Edward Penfield (1866-1925) was the third of five children in the family of Josiah B. Penfield and Ellen Lock Moore. his father was American and his mother from England. He was of very weak health as a kid, two of his brothers died at an early age and his sister when she was only forty.
Josiah B. Penfield tried himself at several jobs, including being a book-keeper and flour merchant but the early influence on young Edward was very likely his uncle Henry Lewis Jr who was an artist-engraver working for several publishers in the neighborhood.

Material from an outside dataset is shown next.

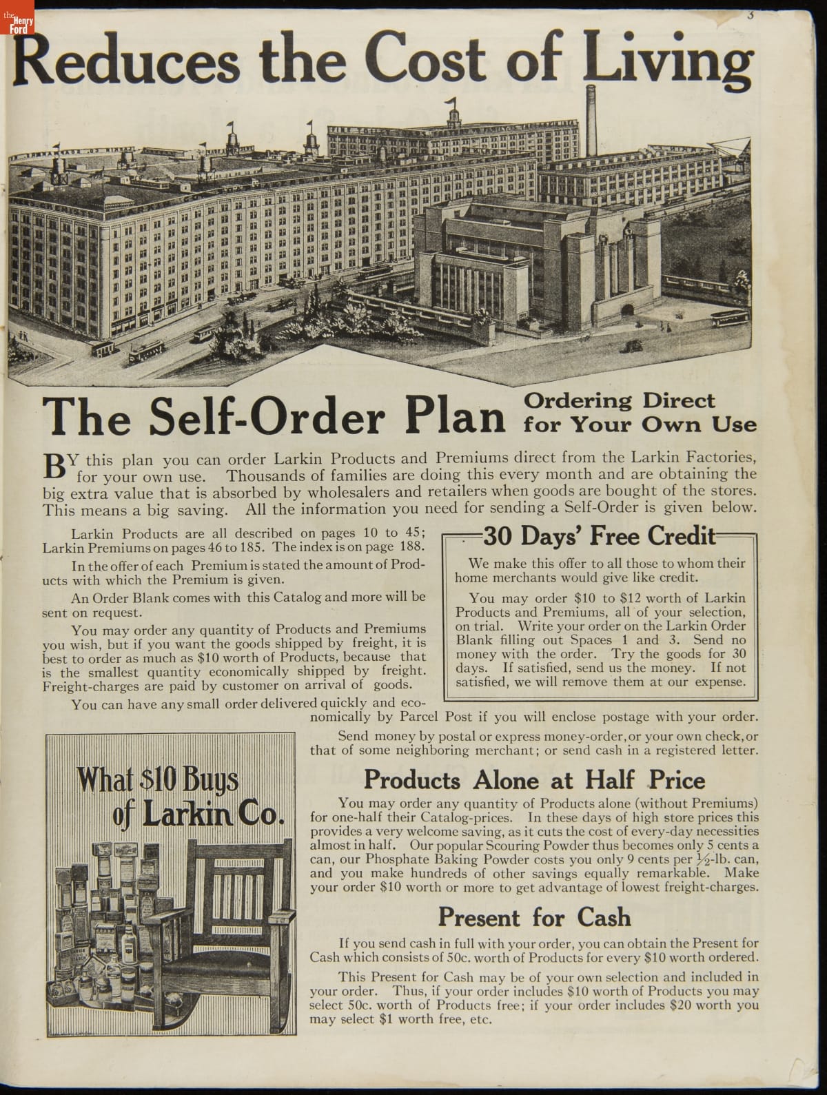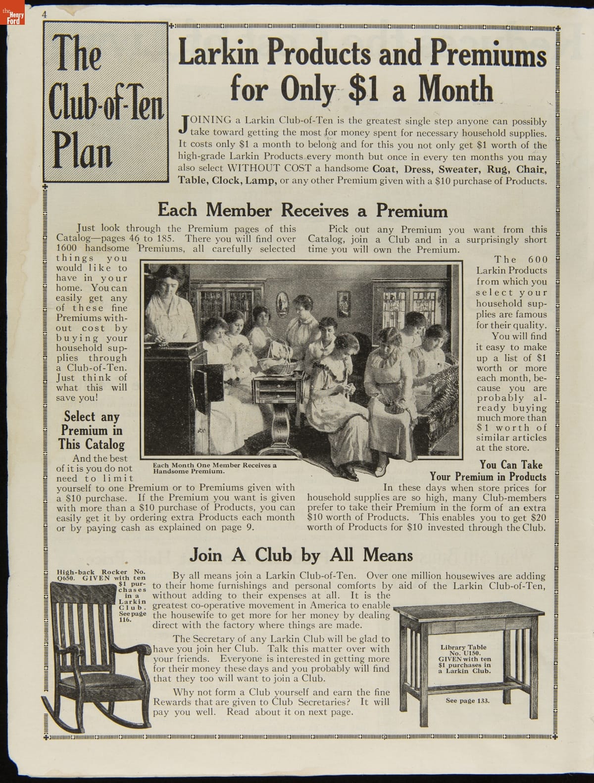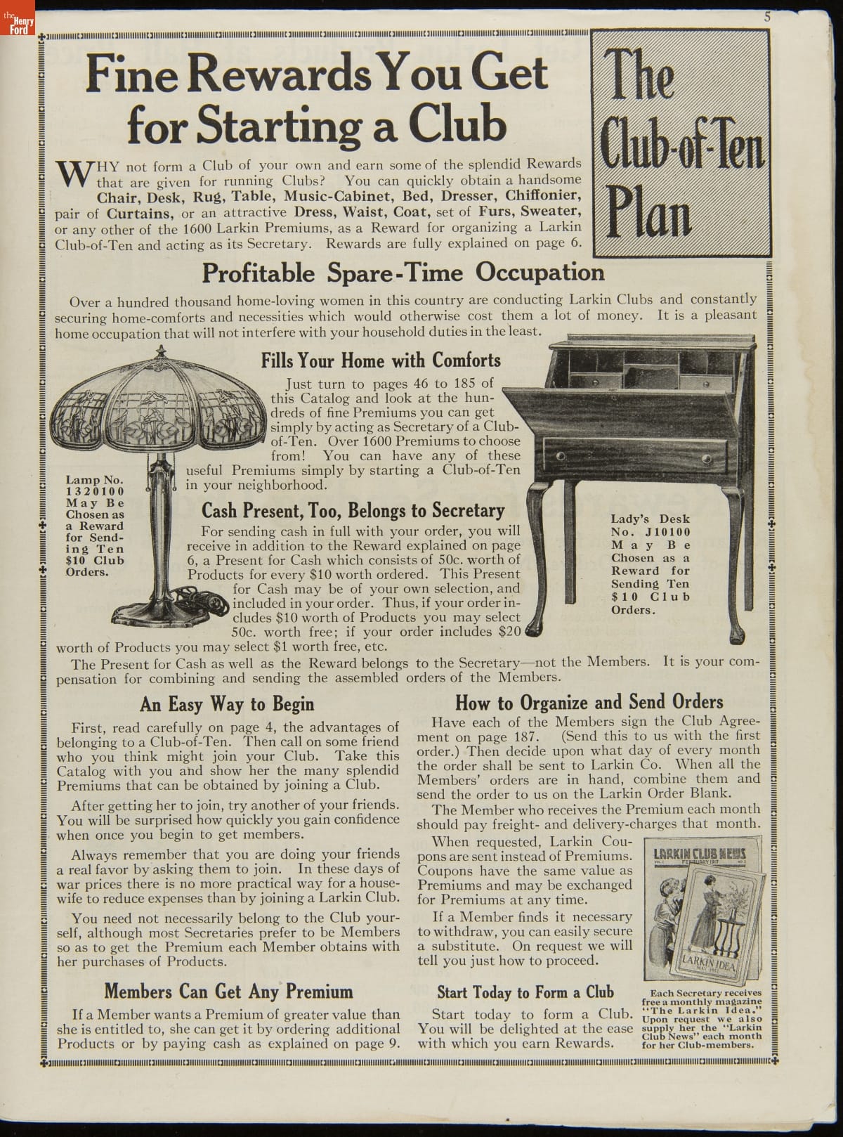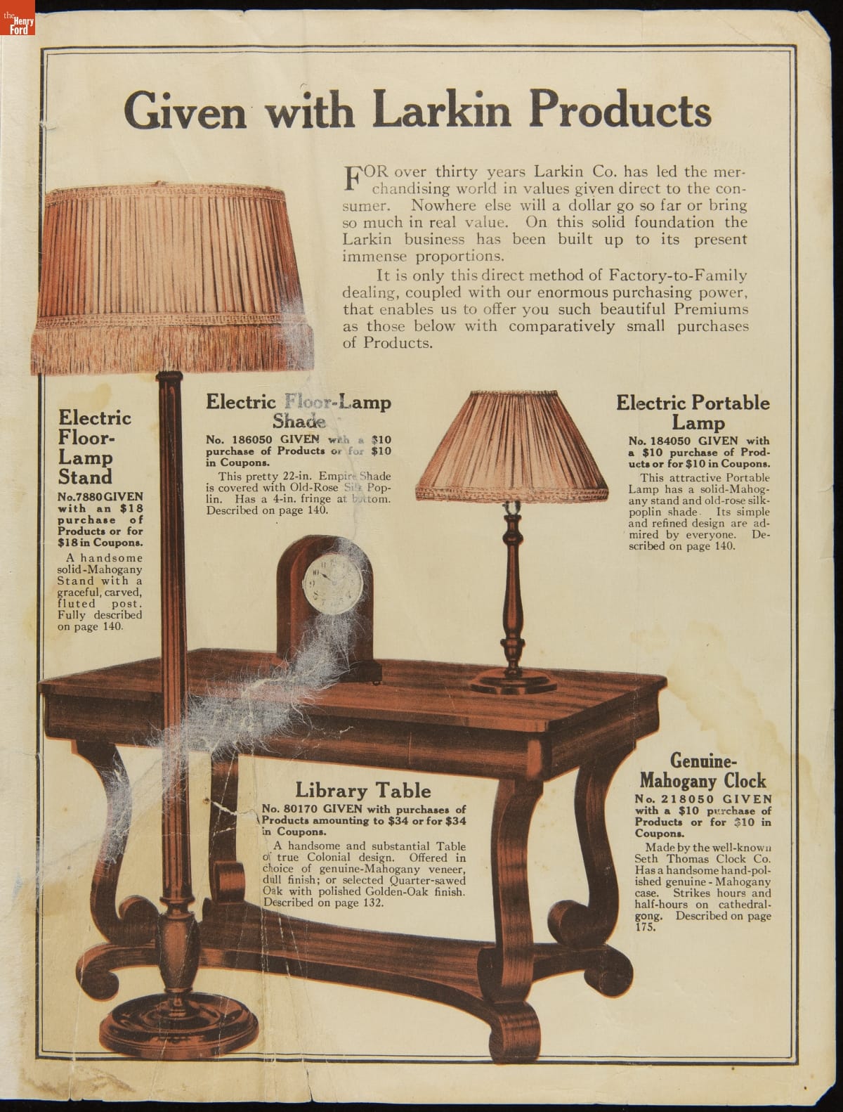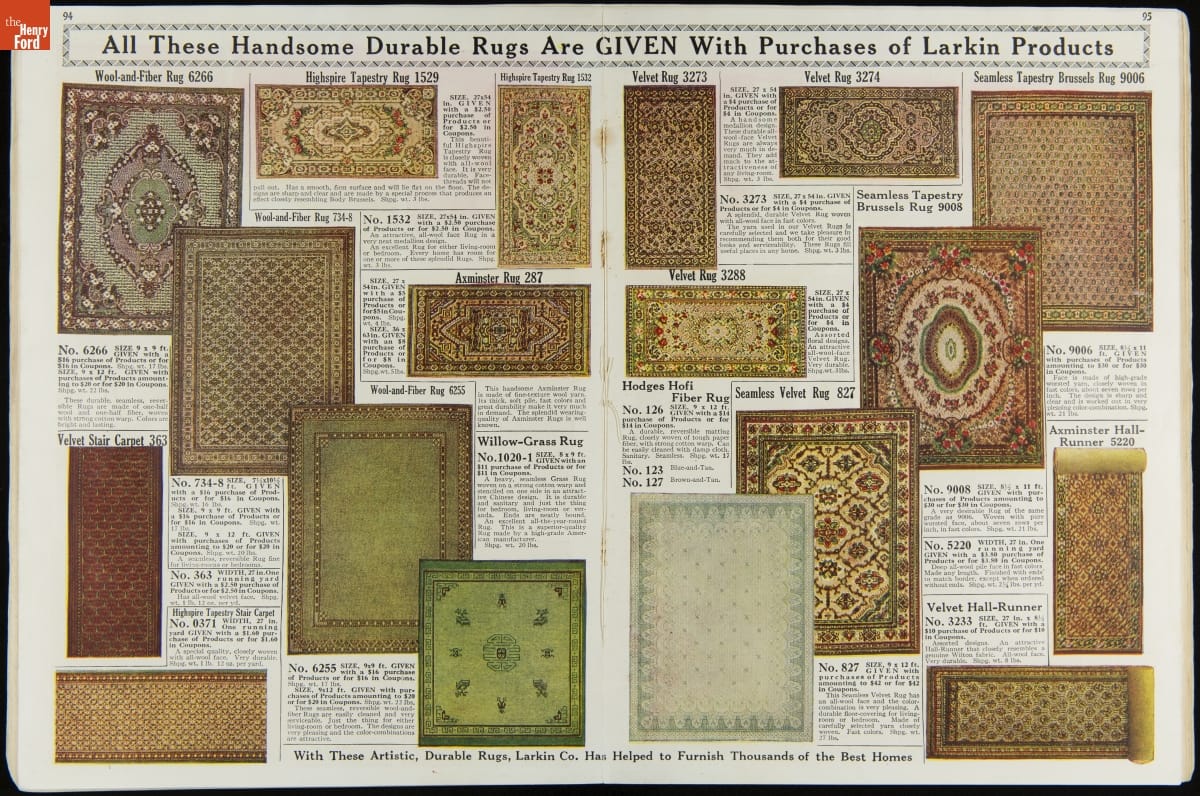 John D. Larkin established a soap manufacturing company in 1875. He hired his brother-in-law, Elbert Hubbard, as a salesman. Hubbard developed "The Larkin Idea," a plan that sold goods directly to consumers through mail-order catalogs and offered incentivizing giveaways. It was a success. By the early 1900s, Larkin's catalogs contained pages of products and even more pages of premiums from which customers could choose.
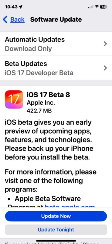 如果您已经在运行 Beta 版系统软件,则更新到 Beta 8 非常简单:

Edward studied at local schools in Brooklin, getting first formal artistic education at the Art Students' League in New York. He was considered as one of the most talented students in his generation, what was clearly mentioned in an article about the new generation of artists coming from the school by Horace Bradley (who had close connections with the school), one of the senior artists at Harper's Weekly.
A Decade at Harper's
Harper's gave the first regular job to Edward Penfield in times with rapid changes in printing technology where artists still draw directly to woodblocks and engravers turned them into printing plates. New photographic process revolutionary changed the process - printing became more faithful to artists' creations, fewer man-hours were needed, price of production of printing plates dropped for almost 90 percent, the old generation of creators slowly made room to new ones.
Edward Penfield's monthly posters for Harper's
Monthly posters done for different Harper's editions are collectible items today. As you can see he loved to use only a few colors, a simple and effective design, emphasized outlines, just like he wrote in his articles about posters - an artist who creates them, should study a lot and make several drafts before his work is done but the public should get a message in a second. It the audience needs time for studying a poster, it's not a poster!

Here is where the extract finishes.